- **Task details**
Every line from the one holding "købes. | ||" through the one holding "Ce fut une journée" in the data below must be returned exactly, both ends included, with pictures left out and nothing else added.

Extracted records
......
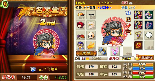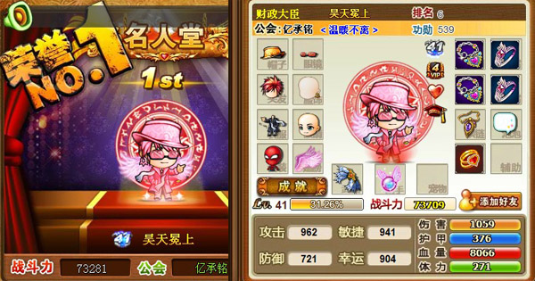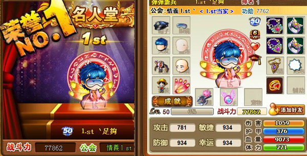 战力突破8万的另一位玩家也来自第九大区,来自有个小村庄的公会。第九大区可谓精英辈出,可堪称人才的摇篮。这两位弹友装备相似,等级分别是50和49。最得意的装备恐怕要数武器、衣服和帽子这三件了。此外,清一色的S伤害LV4,附加孔全部2级也给他们带来巨大的战力增加。
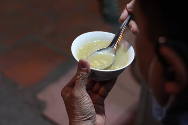 Nếu chè đỗ đen đã quá quen thuộc thì món chè lục tào xá của quán luôn khiến những vị khách lạ tò mò bởi tên gọi độc đáo - Ảnh: Hà Hiền"Lục tàu xá" có nghĩa là đậu xanh nát nhuyễn, cái tên ấy cũng đủ nói lên nguyên liệu chính của món ăn này. Để tăng hương vị cho món chè, gia đình bà Thơm còn cho thêm củ mã thầy và hạt sen. Tất cả quyện lấy vị đậu xanh béo bùi, đường cát ngọt ngào, mã thầy giòn tạo cảm giác thích thú khi ăn.
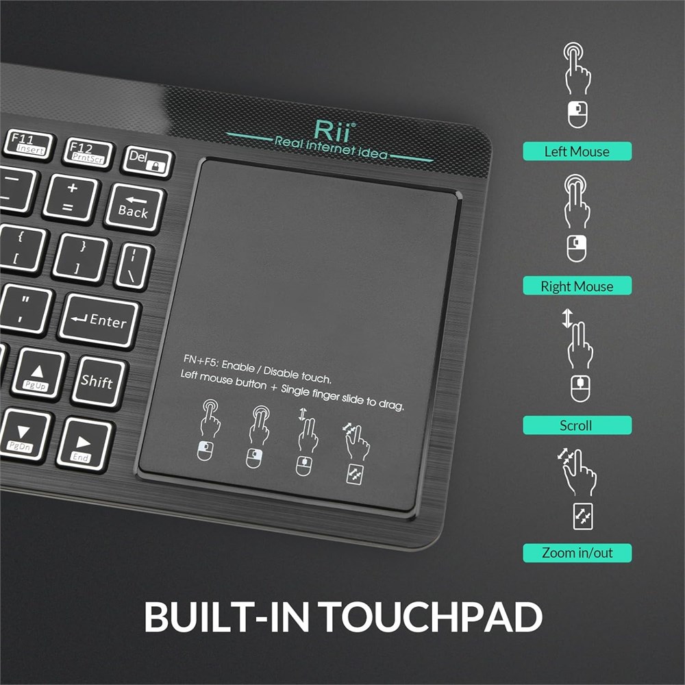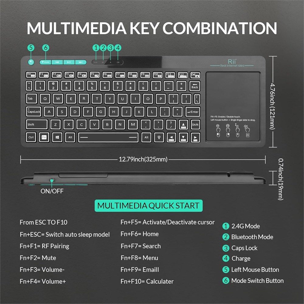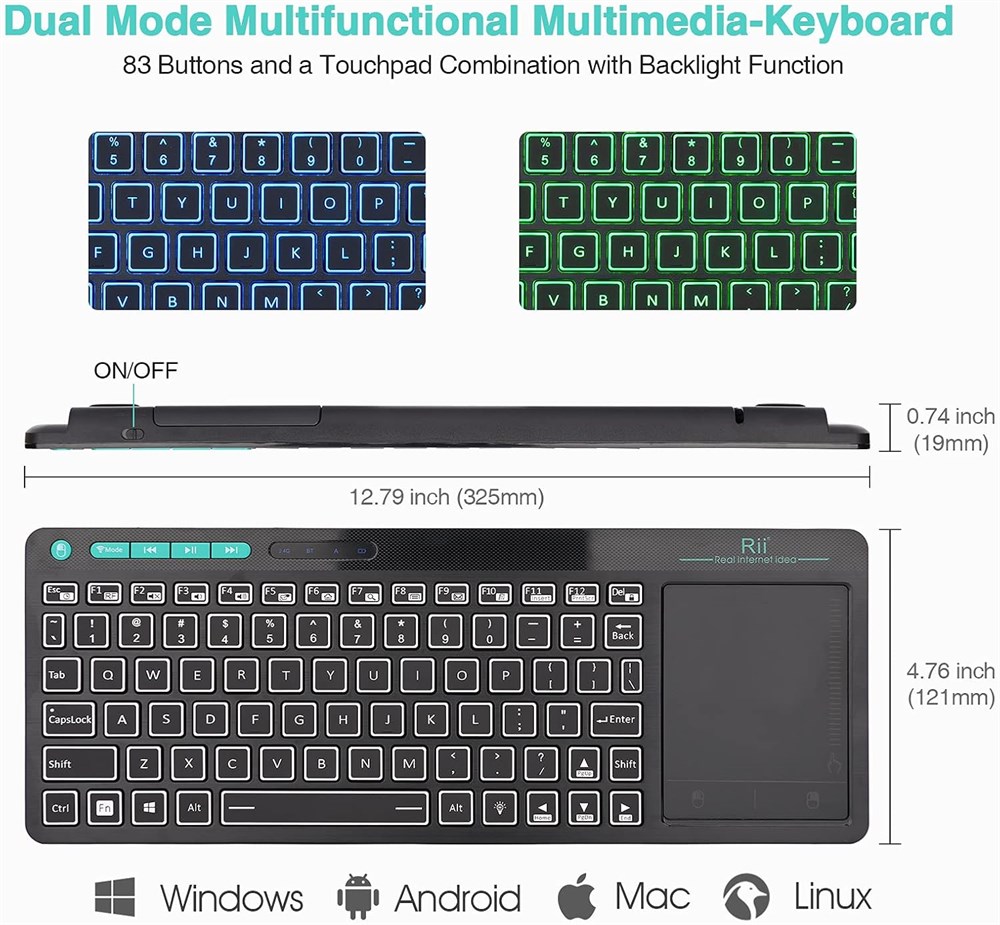 Clavier sans fil 2 en 1 : clavier Bluetooth et clavier sans fil RF 2,4 GHz. Le mode clavier Bluetooth connecte votre TV, PC, ordinateur et autres appareils par Bluetooth et pas besoin d'autres param tres. Clavier sans fil RF 2,4 GHz avec dongle USB. Le mode pourrait connecter vos appareils qui n'ont pas de fonction Bluetooth. Clavier r tro clairage LED Clavier avec r tro clairage bleu et vert, il est pratique lorsque vous devez saisir quelque chose sur le t l viseur dans l'obscurit . Clavier Grand Pav Tactile Clavier avec pav tactile de grande taille, fonction tactile multipoint sensible qui r pond toutes les fonctions de la souris lorsque vous travaillez, regardez la t l vision, zoom avant/arri re avec deux doigts. Compatibilit du syst me : le clavier sans fil peut fonctionner avec Android TV Box, Smart TV, PC, tablette, Android, Windows, Mac OS (certaines fonctions multim dias ne peuvent pas fonctionner sur Mac OS). Dur e de garantie Garantie de 12 mois. Nous fournissons un service client 7x24h. Si vous rencontrez un probl me pendant l'utilisation, nous vous prions d'envoyer un message notre quipe de support et nous vous aiderons en temps voulu.
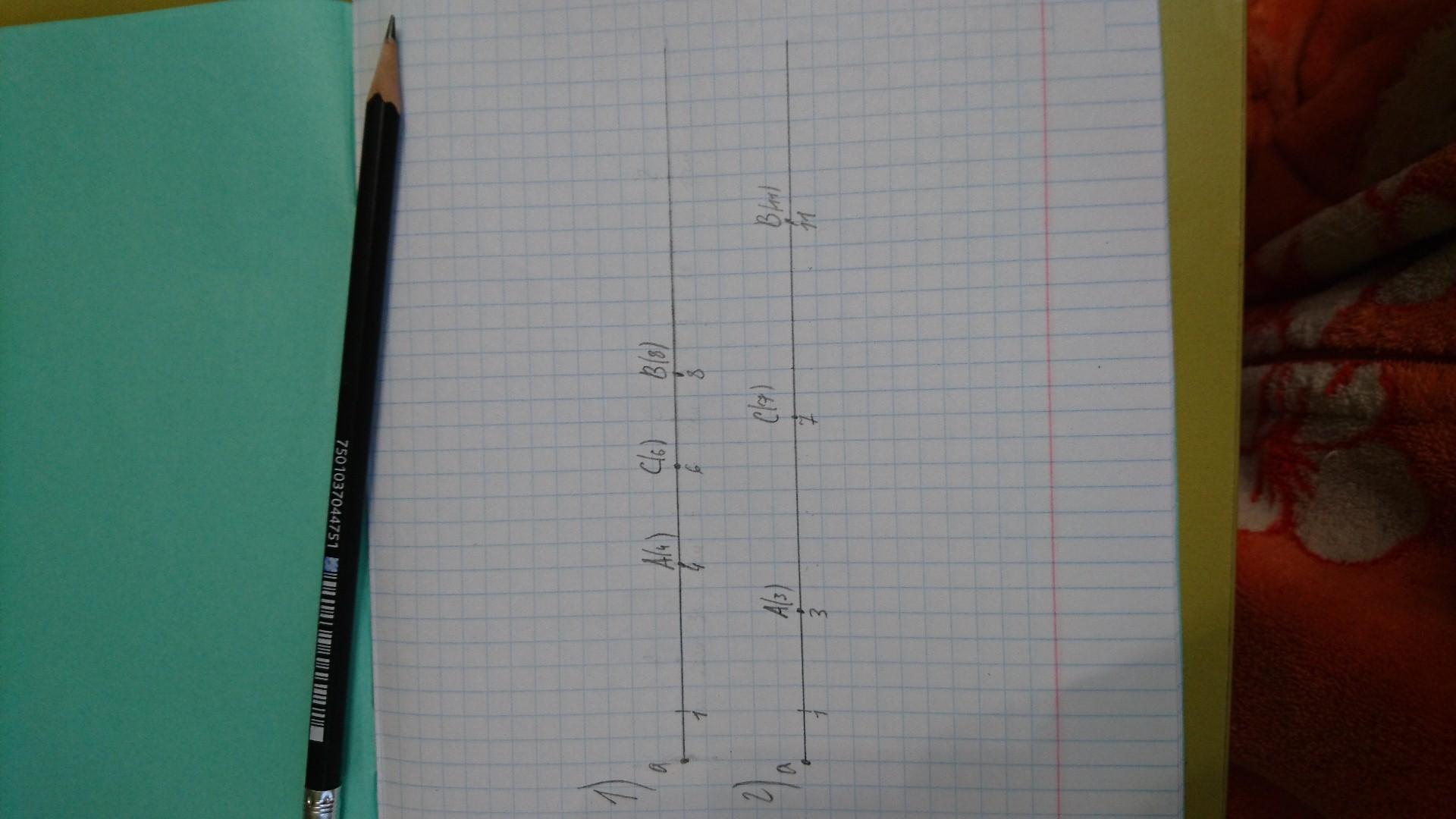 точки: 1) А(4) и В(8); 2) А(3) и В(11). Отметьте точку С,
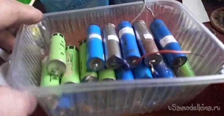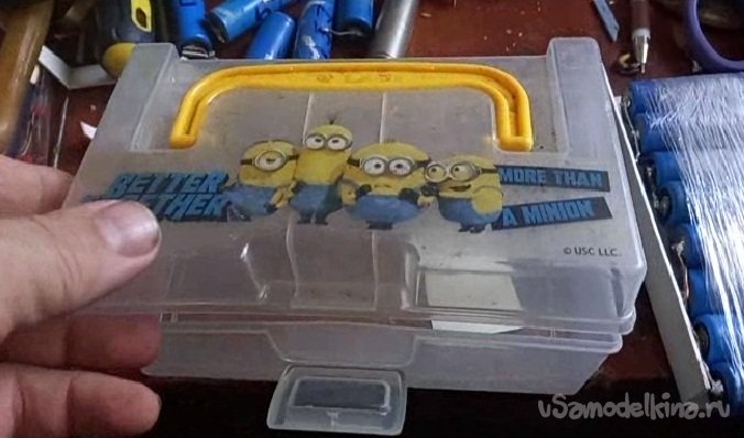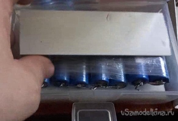 На все про все у меня пошло двадцать три аккумулятора, их спаял последовательно, по две банки и один из трех банок, не хватало ёмкости. Нашлась и пластиковая коробочка под сборку, в которую все аккуратно вложилось, даже люфт отсутствует.
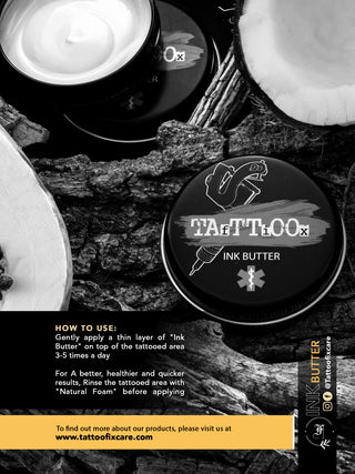 Осторожно нанесите тонкий слой «Ink Butter» на область татуировки 3-5 раз в день
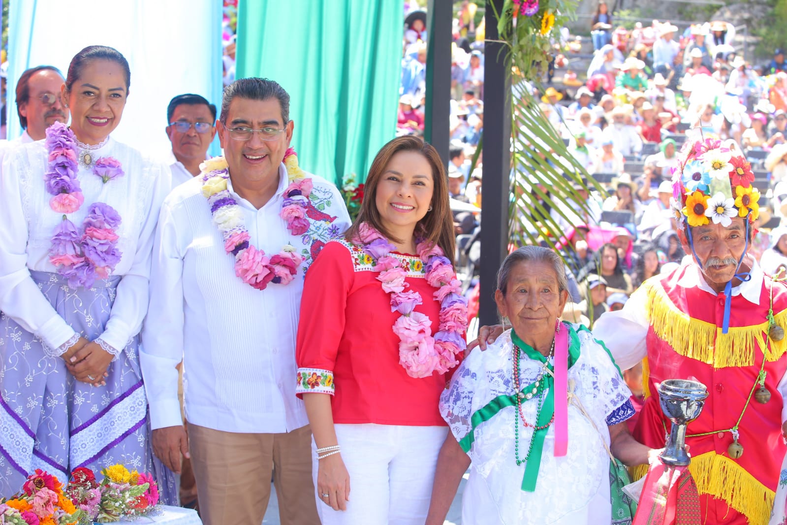ATLIXCO, Pue.- Para mantener y preservar las tradiciones culturales de esta región del estado, integradas por danza, música, olores, colores y rituales, el gobernador Sergio Salomón y la señora Gaby Bonilla, presidenta honoraria del patronato del SEDIF, encabezaron el Huey Atlixcáyotl 2023, la principal fiesta de este municipio que se celebra el último domingo de septiembre en el Cerro de San Miguel.
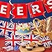 Banner design: the UK flag pennant banner has 10 pieces small flags, while the cheers British banner garland includes 2 pieces small flags and the letters of [Cheers], put together to make a long flag banner, you can adjust the distance between 2 flags
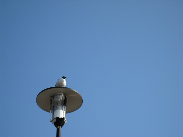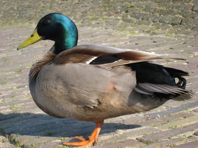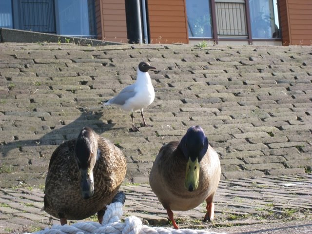 En daar staan waarempel vader en moeder Duck op de kaai. Verwachtingsvol loeren ze over de kaderand in ons schip. Even zijn we bang dat ze, wat al te familiair, ons in de kuip komen begroeten, maar ze blijven keurig op de kaderand staan. Moeder Duck, wellicht bevrucht maar nog niet op haar eieren, is het meest gretig en staat ons smachtend aan te kijken. Haar blik is zo intens dat we besluiten haar pre-eier-toestand te ondersteunen met het spenderen van een (verse) boterham. Het mannentje, vader Duck, blijft bescheiden op de achtergrond om zijn zwangere vrouwtje de ruimte te geven. Een kokmeeuw bekijkt het tafereel vanaf een lantaarnpaal, later op een metertje afstand, in de hoop een stukje brood mee te kunnen pikken. Dat is niet gelukt, mede omdat we eendjes leuker vinden dan meeuwen, die we genoeg hebben gezien op de reis naar Noorwegen.
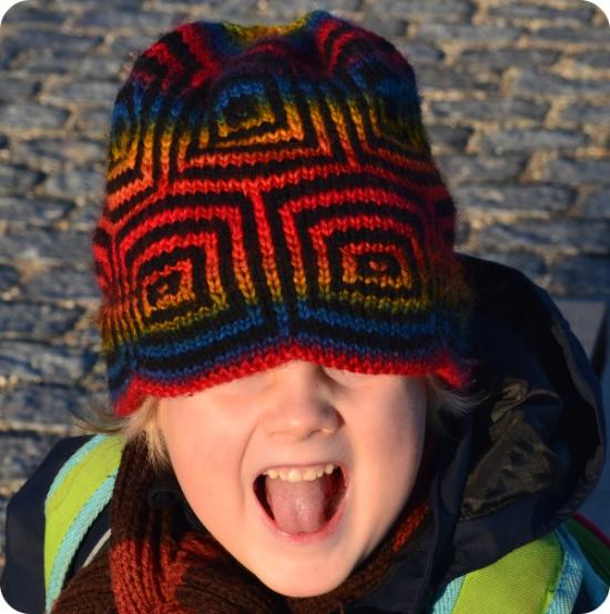 | Lillebrors skildpadde-regnbuehue :-D Den er så fin og farvestrålende. Se mere her, inkl. link til hvor mønstret købes. | ||
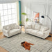 3 And 2 Seater Sofa With Rolled Arms And Nailhead Trim Upholstered Couch With Legs - Beige
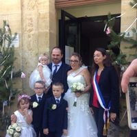 Ce fut une journée magnifique, pleine d'amour.Nous avons eu de la grêle juste avant mon entrée a la mairie et ensuite un grand soleil jusqu'au cocktail. Il y a eu quelques couac mais sans grande...
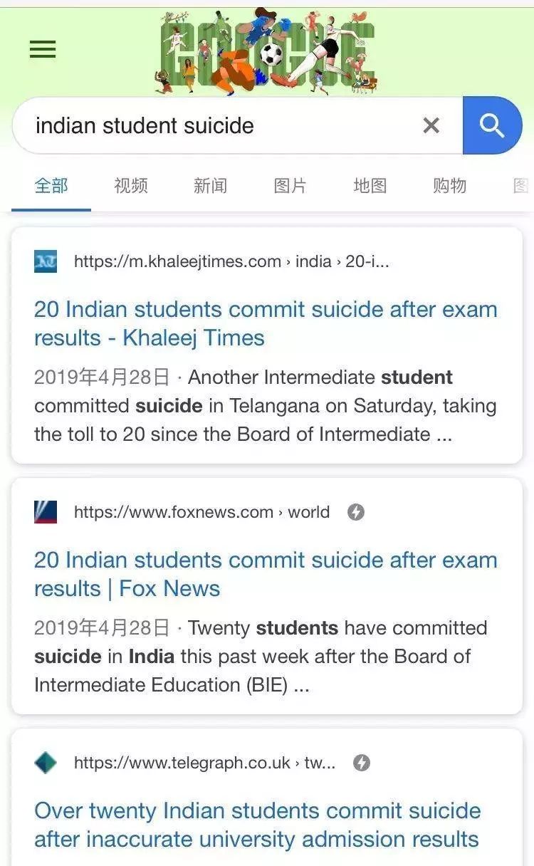 现在,每一个小时,就有一名印度学生自杀。谷歌上搜索“印度学生自杀”,几乎所有的结果都是因为考试不佳而诱发,每年的五六月份,也是学生自杀的高峰季。
......
- **Completed task**
 | Lillebrors skildpadde-regnbuehue :-D Den er så fin og farvestrålende. Se mere her, inkl. link til hvor mønstret købes. | ||
 3 And 2 Seater Sofa With Rolled Arms And Nailhead Trim Upholstered Couch With Legs - Beige
 Ce fut une journée magnifique, pleine d'amour.Nous avons eu de la grêle juste avant mon entrée a la mairie et ensuite un grand soleil jusqu'au cocktail. Il y a eu quelques couac mais sans grande...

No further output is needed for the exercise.